Friday, July 01, 2016

Malcolm in the...Play

A few weeks ago, I auditioned at the Black Box Arts Center for a production of Macbeth. I was given the role of Malcolm, son of Duncan, Prince of Cumberland and eventual King of Scotland. (Sorry for the spoilers there.)

Those of you familiar with the play probably already know that as written, Malcolm is not one of the most memorable characters in Shakespeare's canon. This has its advantages and its disadvantages. The down side is I have no famous or excellent Shakespearean lines to deliver in this play. Let's face it, one doesn't often quote Malcolm. Another down side, however, is also an upside in certain ways; I have to work harder to create him.

I began doing this right after I was informed I got the role. Since the text doesn't provide much depth, it's up to the actor portraying Malcolm to add some meat to the bones provided. This of course is what all actors in all roles must do, but it takes on an even greater importance with smaller, lesser-remembered ones. If I don't put in that effort, both the character and myself become mostly invisible during the show, as there is no famous or poetic speech to fall back on. My creative muscles must be worked extra hard, and I've been working them over this character from the start.

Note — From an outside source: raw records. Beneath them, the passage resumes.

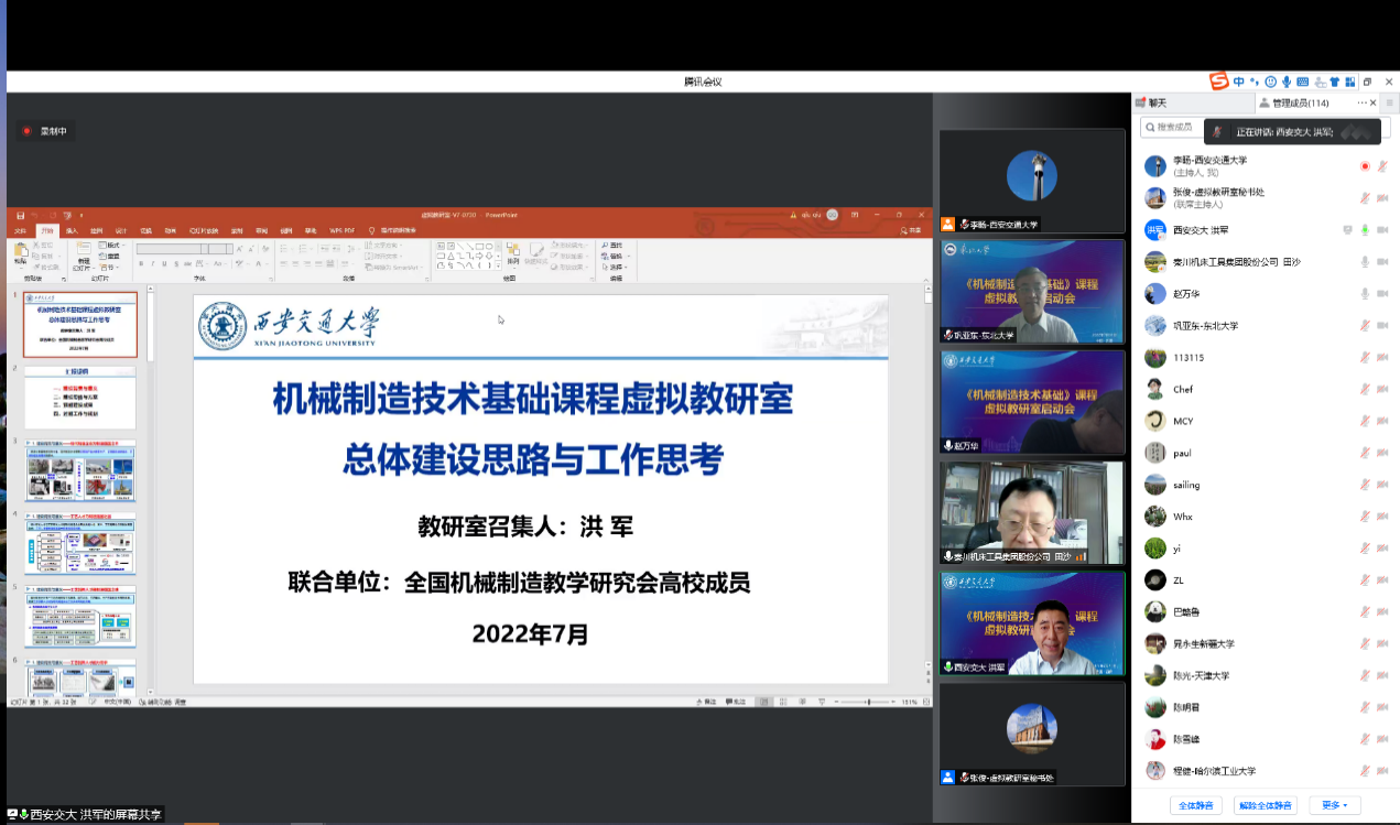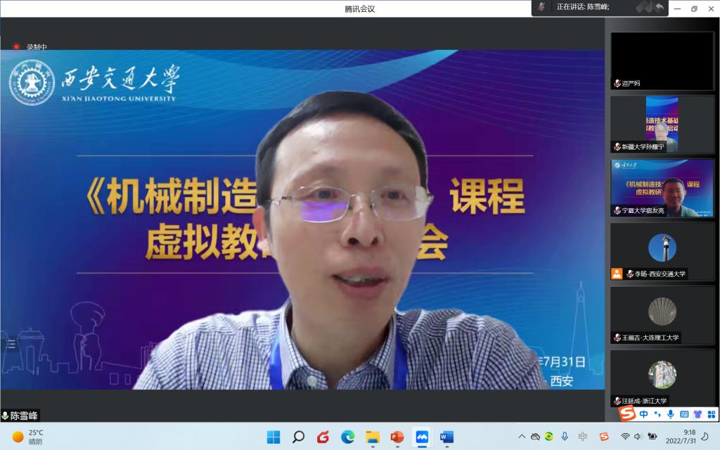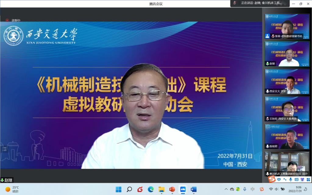 為貫徹落實《教育部高教司關(guān)于開展虛擬教研室試點建設工作的通知》(教高司函【2021】10號)和《教育部辦公廳關(guān)于公布第二批虛擬教研室建設試點名單的通知》(教高廳函[2022]13號)文件精神,7月31日,西安交通大學牽頭的教育部機械制造技術(shù)基礎課程虛擬教研室召開了啟動會,會議以騰訊會議線上形式舉行。會議圍繞機械工程教育、機械制造工藝人才能力需求與培養(yǎng)、機械制造技術(shù)基礎課程虛擬教研室建設思路與工作思考等開展了工作研討。西安交通大學常務副校長鄭慶華教授、教務處處長王秋旺教授、機械工程學院院長陳雪峰教授出席啟動會。虛擬教研室負責人、西安交通大學洪軍教授主持啟動會。來自全國40余所高校的100多位課程骨干教師和機械類專業(yè)教學指導委員會、機械工業(yè)出版社、相關(guān)企業(yè)的負責人參加會議,
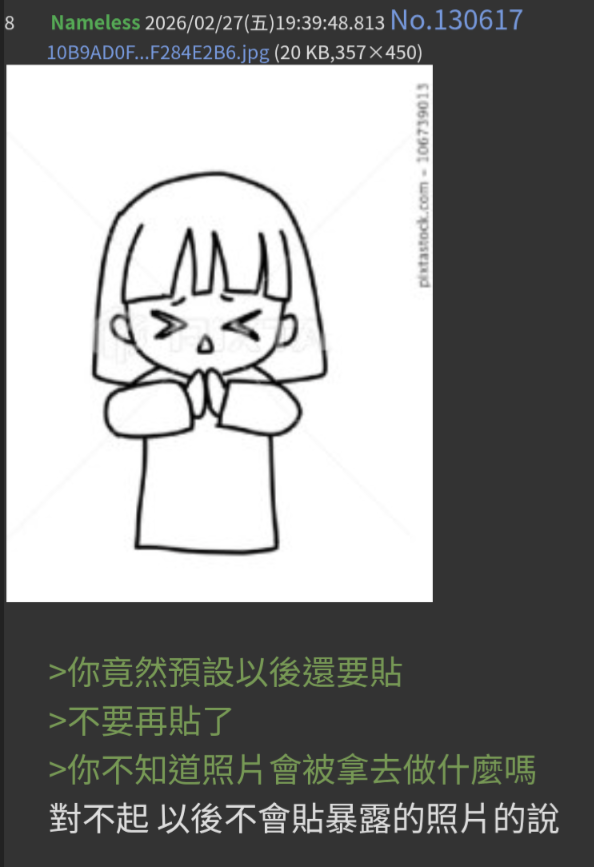 我衷心感謝她們把自己的身體 乳房 乳暈拍上來 並誠意的附上id表示自己也是島民的一份子
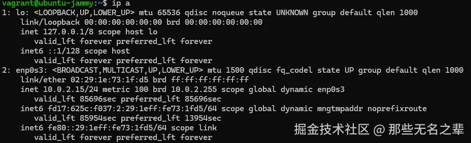 enp0s3 是物理网卡接口(常见于虚拟机或物理机,命名规则:en=Ethernet 以太网,p0=PCI 总线 0,s3= 插槽 3),用于连接外部网络(如路由器、交换机),是本机与其他设备通信的核心接口。
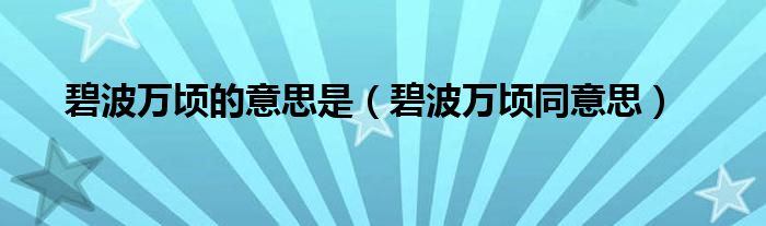 大家好,小育來為大家講解下。碧波萬頃的意思是,碧波萬頃同意思很多人還不知道,現(xiàn)在讓我們一起來看看吧!

Not every choice is set in stone yet. After all, production only just began on this one. But after reading his lines several times, looking up a few things and brainstorming/journaling about it, I've formed the basis of a character I can sink my teeth into, as it were. I hope to share more particulars as rehearsals go on, but we've only had one read-through so far, and I only just the other day emailed the director with my initial thoughts on how to approach this character. I've not heard back from her yet, so I don't know for sure if she has strong objections to anything I've laid out.

But I've known the director for years, and been in two previous Shakespeare shows she directed: Romeo and Juliet and Richard III. (In the same building.) She tends to give her actors a lot of creative freedom with their performances.

I can say it's set in modern times, or in the very least time non-specific, so that frees everyone up a bit when it comes to ideas and character.

I've also dipped into a few wells I haven't used in developing a character for a while. Already, in addition to brainstorming and reading the lines, I've done super-easy things, like look at pictures of Scottish landscapes. Not that any one picture of Scotland will make my performance, but the idea is to expose my mind to images, thoughts, activities that someone in Malcolm's position in this play would be exposed to.

This isn't Method acting, but rather building a library of information up front on which to build ideas and perceptions of the character as the process goes on, (and the images trickle further down into my mind.) It may be an alternate timeline in a lot of ways, but there can be zero doubt that this play takes place in Scotland, and that Malcolm is a prince and future king of same. Ergo, I look at pictures of Scotland, as I haven't been there in person.

I've said so many times it's the little things that can take a performance from good to great, adequate to memorable. These easy explorations of relevant source material will help me build nuance and subtlety into my performance. I don't know just how many people, if any, will notice my efforts. But it's worth it to me to have some information within my head about who the character is off stage, outside of the direct action of the play as it will make it easier to give a deeper performance.

And I have more time than usual to engage in such activity; this play won't go on until October. An upcoming remodeling of the performance space, as well as some extras within the production itself pursuant to the directors vision necessitated a longer than average rehearsal period. I don't mind this. Community theaters in this area rarely have that long to rehearse. Might as well make the most of it.

And just for fun I bought this t-shirt for the read-through, and to wear on a regular basis throughout rehearsals:

I got it from one of those universal high school/college apparel sites. Just plug your school name into whatever the template is. Even got it in the colors of the Scottish flag.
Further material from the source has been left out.